In contrast, the Van Buren pedestrian bridge is a cultural artifact that reflects Missoula in motion. More than just a bike route to the Rattlesnake or a shortcut to Grizzly tailgates and the University of Montana campus, the foot bridge is a place where people linger. Art students go there to paint watercolors of sunsets and fly fishermen. Homeless guys whittle walking sticks from wood gathered along the river bank and sell them to tourists. Kids anchor themselves to the girders with rope and boogie board down below.

How do you inject the spirit of creative travel into city planning? Start with an introductory course in today's poetry of motion. Tune in to ESPN2 on any given Saturday afternoon. You can doze off on the couch for half an hour and when you wake up, someone has invented two or three new sports while you were asleep-street luge, rollerblading duets on the half pipe, aerial skydiving acrobatics.

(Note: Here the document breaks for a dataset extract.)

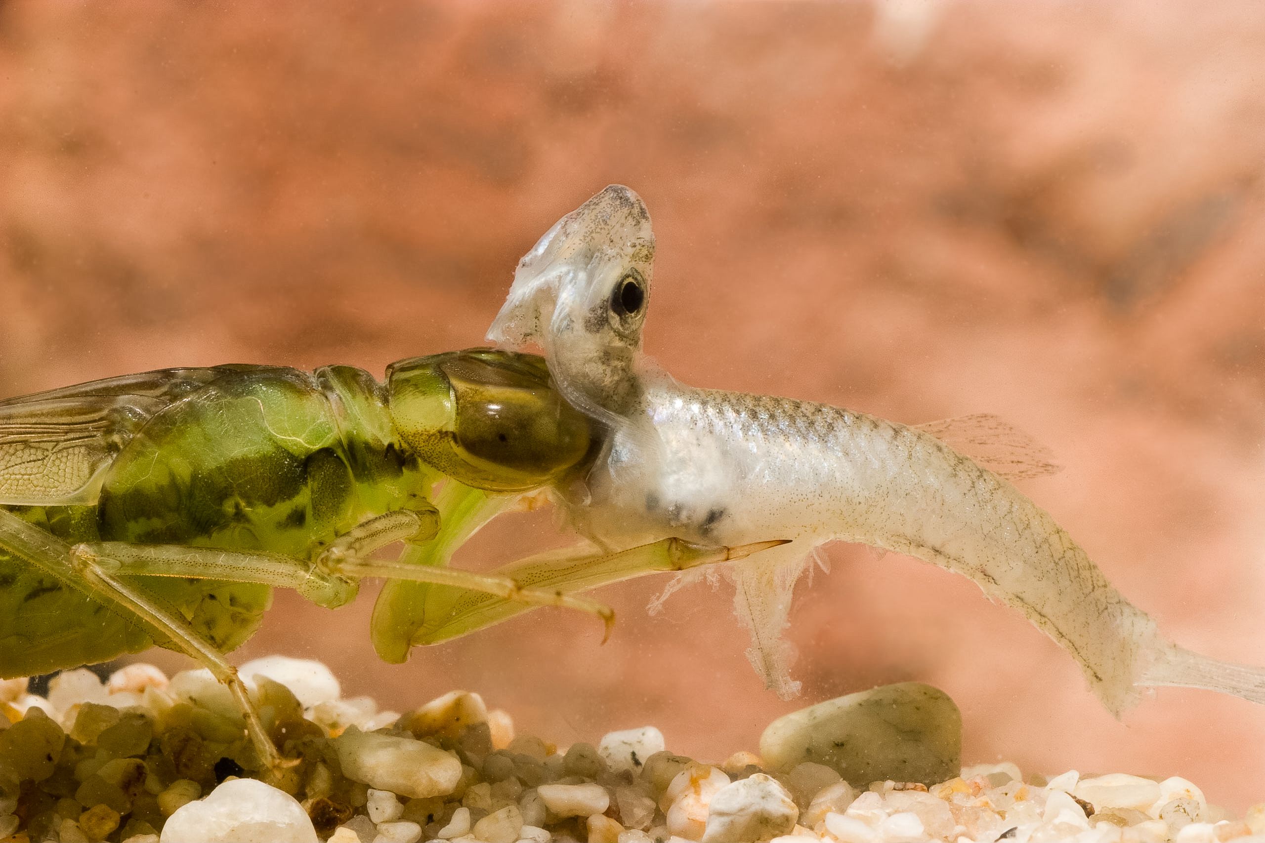 Nymphs appear very different from the adult form, but share the predaceous behavior. Nymphs of all species have a remarkable “prehensile” lip that extends to capture prey. Using internal hydrostatic pressure, a nymph can shoot out the labium rather quickly, fast enough to secure such prey as other insects, worms, and even small fish.

I'd like to see these folks have a hand in designing the new Orange Street Bridge. People who spend their free time on human-propelled wheels don't need to be instructed on the concept of ramps and handicapped accessibility. Look, there is nothing that says getting around town has to be either tedious or a pain in the ass. Consider the Mountain Line trolley which zigzags through town playing Elvis and Sinatra tunes from loudspeakers. There's a place to start. But how about some open-air transportation four to six months a year, powered by eight to ten hard-core Montana cyclists?

We could put some of those ergs wasted on exercise bikes to good use-say, if Gold's Gym sponsored a civics lesson in pollution abatement. Sound crazy? Tell that to the International Human Powered Vehicle Association, who built such a vehicle. These folks also designed a bicycle called the "Cheetah" that set a land speed record of 68.7 mph on flat ground.

For creative minds and active bodies like theirs, discussing public transportation in the same breath as recreational sports is not a comparison of apples to oranges, just a reflection of the spirit of our times.